The two blocks, 15/13a and 15/13b are both within licence P198, 155 miles north-east of Aberdeen and believed to contain reserves of 60m barrels.
WFW also advised Aban Singapore with the on-sale of 50% stakes in both blocks to Malaysia’s Hibiscus Petroleum. Hibiscus paid US$37.5m for its stake in both blocks, which will be operated by its wholly-owned subsidiary Anasuria Hibiscus UK.
Based in Chennai, Tamil Nadu state, Aban Offshore, directly and through its wholly owned subsidiaries, provides offshore drilling and production services to oil and gas exploration and production companies both in India and internationally. It is India’s largest private offshore drilling services provider.

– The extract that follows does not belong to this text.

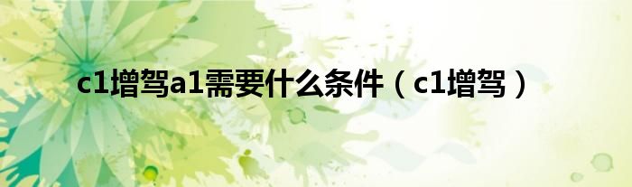 关于c1增驾a1需要什么条件,c1增驾这个很多人还不知道,今天菲菲来为大家解答以上的问题,现在让我们一起来看看吧!

The WFW London team advising Aban Singapore was led by Corporate Partner Chris Kilburn, working closely with Energy & Infrastructure Partner Rod Chooramun and assisted by Corporate Trainee Kathryn Prior. Tax advice was provided by Partner Tom Jarvis and Associate Edward Moore, regulatory expertise by Partner Jeremy Robinson and Senior Associate Vineet Budhiraja, dispute resolution advice by Senior Associate Ben Lamble and HSE expertise by Partner Nick Walker and Associate Rachael Davidson. New York Partner Daniel Pilarski also assisted.
Chris commented: “It was interesting and challenging to complete a UK North Sea acquisition and on-sale within a short time frame. Successfully achieving this involved considerable effort and cooperation from the various parties involved, as well as work from a significant WFW team across service lines within the oil and gas sector”.
Rod commented: “This transaction shows that there is continued interest from new entrants in mature basins such as the UK North Sea, which is being stimulated by higher oil prices helping to reduce the valuation gap between sellers and purchasers of North Sea upstream assets. This is encouraging for the oil and gas sector in the UK and the implementation of the MER UK strategy”.
Ramsubramonian V, VP at Aban said: “This was a very challenging and intense transaction given the number of parties, agencies and the dimensions involved, as well as the very short time available to complete the deal. We are pleased that it was accomplished successfully, especially with the support and advice of Chris, Rod and their team at WFW. We believe this opportunity will help us gain valuable expertise working in UK North Sea oilfields”.